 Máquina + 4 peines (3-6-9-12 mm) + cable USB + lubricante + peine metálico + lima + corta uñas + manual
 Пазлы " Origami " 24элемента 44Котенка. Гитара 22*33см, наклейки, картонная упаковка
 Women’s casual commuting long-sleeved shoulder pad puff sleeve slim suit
---
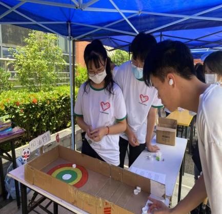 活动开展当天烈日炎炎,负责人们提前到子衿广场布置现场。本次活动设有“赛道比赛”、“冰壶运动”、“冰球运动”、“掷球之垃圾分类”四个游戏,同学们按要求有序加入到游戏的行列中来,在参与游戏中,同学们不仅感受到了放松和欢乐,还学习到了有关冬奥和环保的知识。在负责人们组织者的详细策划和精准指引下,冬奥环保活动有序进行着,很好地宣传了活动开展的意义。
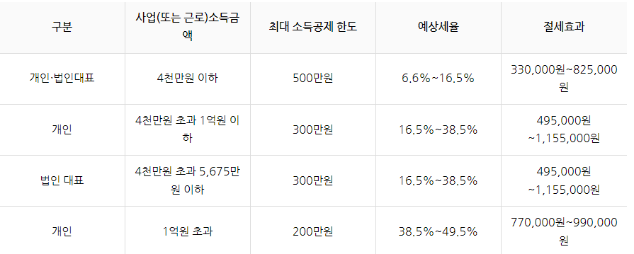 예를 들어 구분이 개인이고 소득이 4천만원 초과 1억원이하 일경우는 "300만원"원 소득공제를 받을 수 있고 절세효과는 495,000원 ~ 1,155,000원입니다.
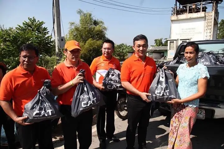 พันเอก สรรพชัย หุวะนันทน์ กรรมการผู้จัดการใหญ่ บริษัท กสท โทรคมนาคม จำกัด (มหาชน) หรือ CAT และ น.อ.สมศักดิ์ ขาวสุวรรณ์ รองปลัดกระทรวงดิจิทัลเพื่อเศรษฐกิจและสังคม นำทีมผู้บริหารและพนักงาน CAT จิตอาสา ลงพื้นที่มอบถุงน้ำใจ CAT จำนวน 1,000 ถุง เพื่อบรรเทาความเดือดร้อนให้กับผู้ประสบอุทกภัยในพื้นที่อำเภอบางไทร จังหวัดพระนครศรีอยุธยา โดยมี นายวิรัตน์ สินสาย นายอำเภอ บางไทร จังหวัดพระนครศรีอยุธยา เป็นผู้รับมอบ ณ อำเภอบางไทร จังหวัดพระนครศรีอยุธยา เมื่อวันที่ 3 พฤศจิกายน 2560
...
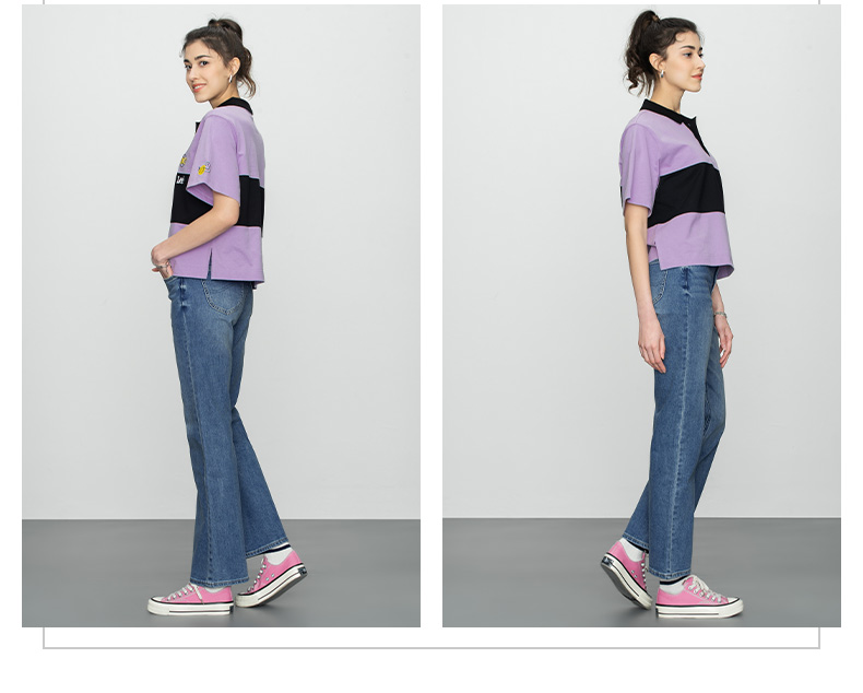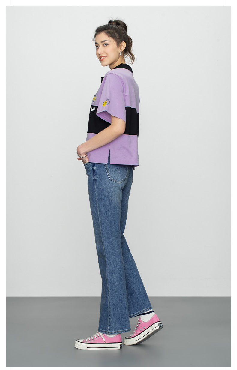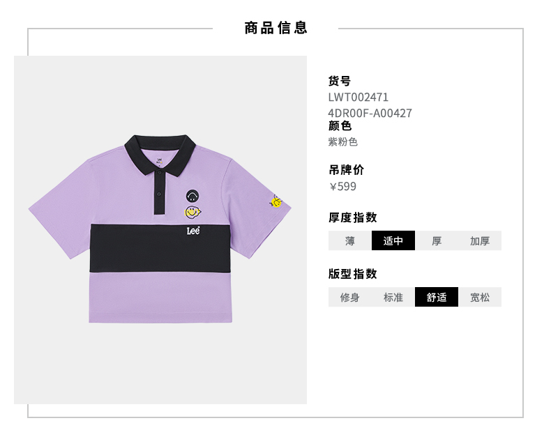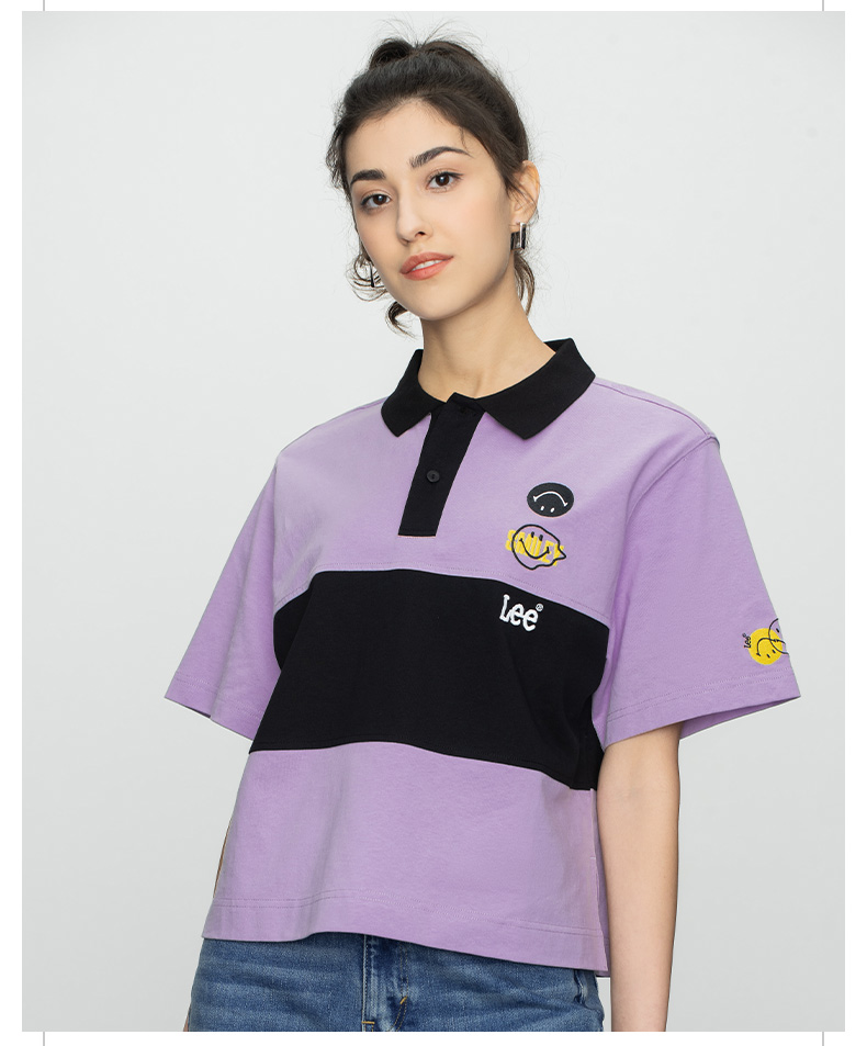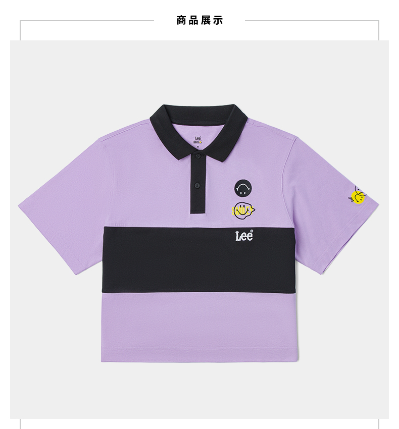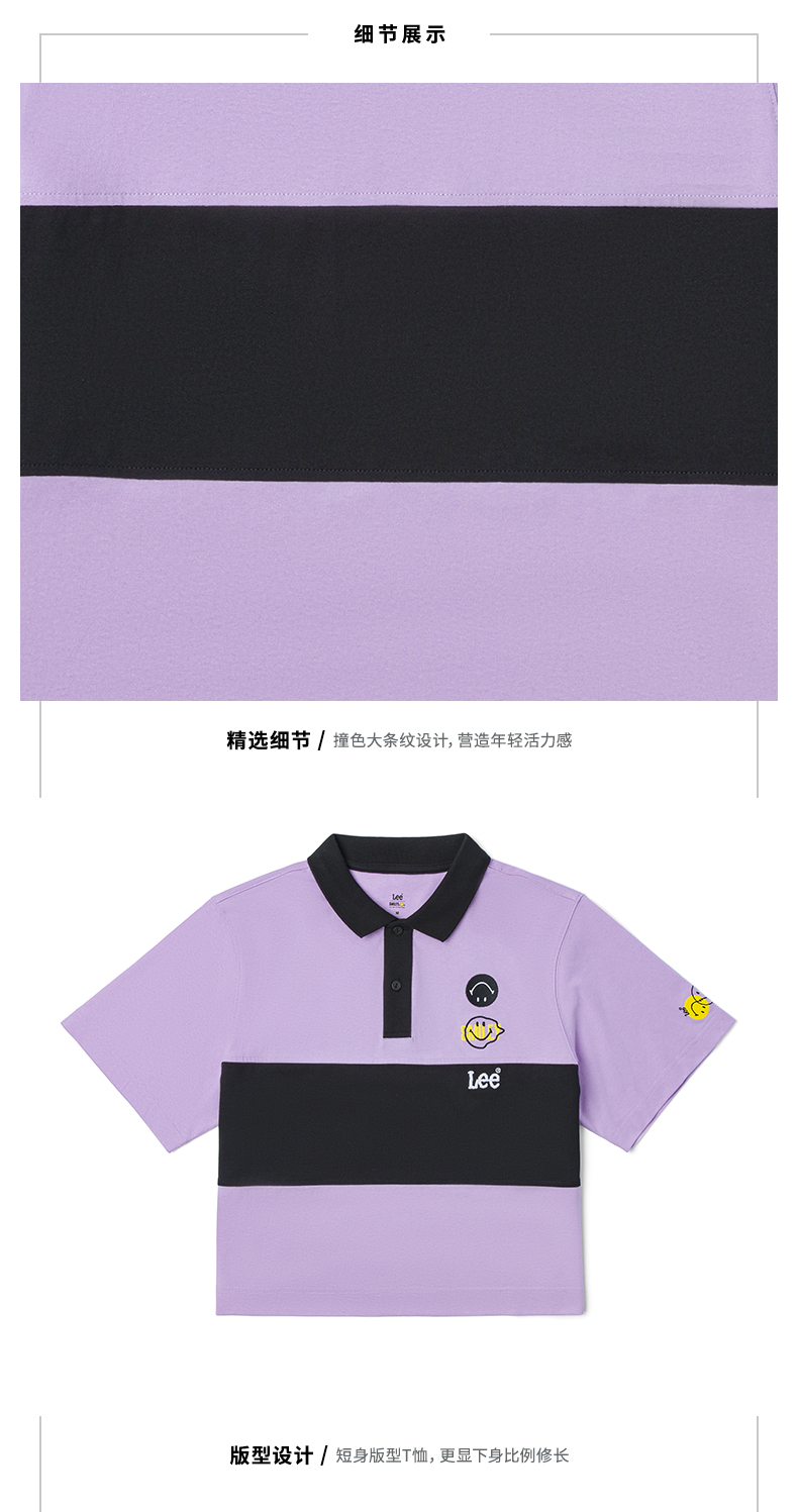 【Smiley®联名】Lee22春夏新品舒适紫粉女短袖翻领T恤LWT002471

▶ WHAT TO WORK ON:
Copy exactly the lines of the entries above from the one containing "活动开展当天烈日炎炎,负责人" through the one containing "พันเอก สรรพชัย หุวะนันทน์". Both end lines count; pictures do not.

▶ RESULT FOR THIS TASK:
 活动开展当天烈日炎炎,负责人们提前到子衿广场布置现场。本次活动设有“赛道比赛”、“冰壶运动”、“冰球运动”、“掷球之垃圾分类”四个游戏,同学们按要求有序加入到游戏的行列中来,在参与游戏中,同学们不仅感受到了放松和欢乐,还学习到了有关冬奥和环保的知识。在负责人们组织者的详细策划和精准指引下,冬奥环保活动有序进行着,很好地宣传了活动开展的意义。
 예를 들어 구분이 개인이고 소득이 4천만원 초과 1억원이하 일경우는 "300만원"원 소득공제를 받을 수 있고 절세효과는 495,000원 ~ 1,155,000원입니다.
 พันเอก สรรพชัย หุวะนันทน์ กรรมการผู้จัดการใหญ่ บริษัท กสท โทรคมนาคม จำกัด (มหาชน) หรือ CAT และ น.อ.สมศักดิ์ ขาวสุวรรณ์ รองปลัดกระทรวงดิจิทัลเพื่อเศรษฐกิจและสังคม นำทีมผู้บริหารและพนักงาน CAT จิตอาสา ลงพื้นที่มอบถุงน้ำใจ CAT จำนวน 1,000 ถุง เพื่อบรรเทาความเดือดร้อนให้กับผู้ประสบอุทกภัยในพื้นที่อำเภอบางไทร จังหวัดพระนครศรีอยุธยา โดยมี นายวิรัตน์ สินสาย นายอำเภอ บางไทร จังหวัดพระนครศรีอยุธยา เป็นผู้รับมอบ ณ อำเภอบางไทร จังหวัดพระนครศรีอยุธยา เมื่อวันที่ 3 พฤศจิกายน 2560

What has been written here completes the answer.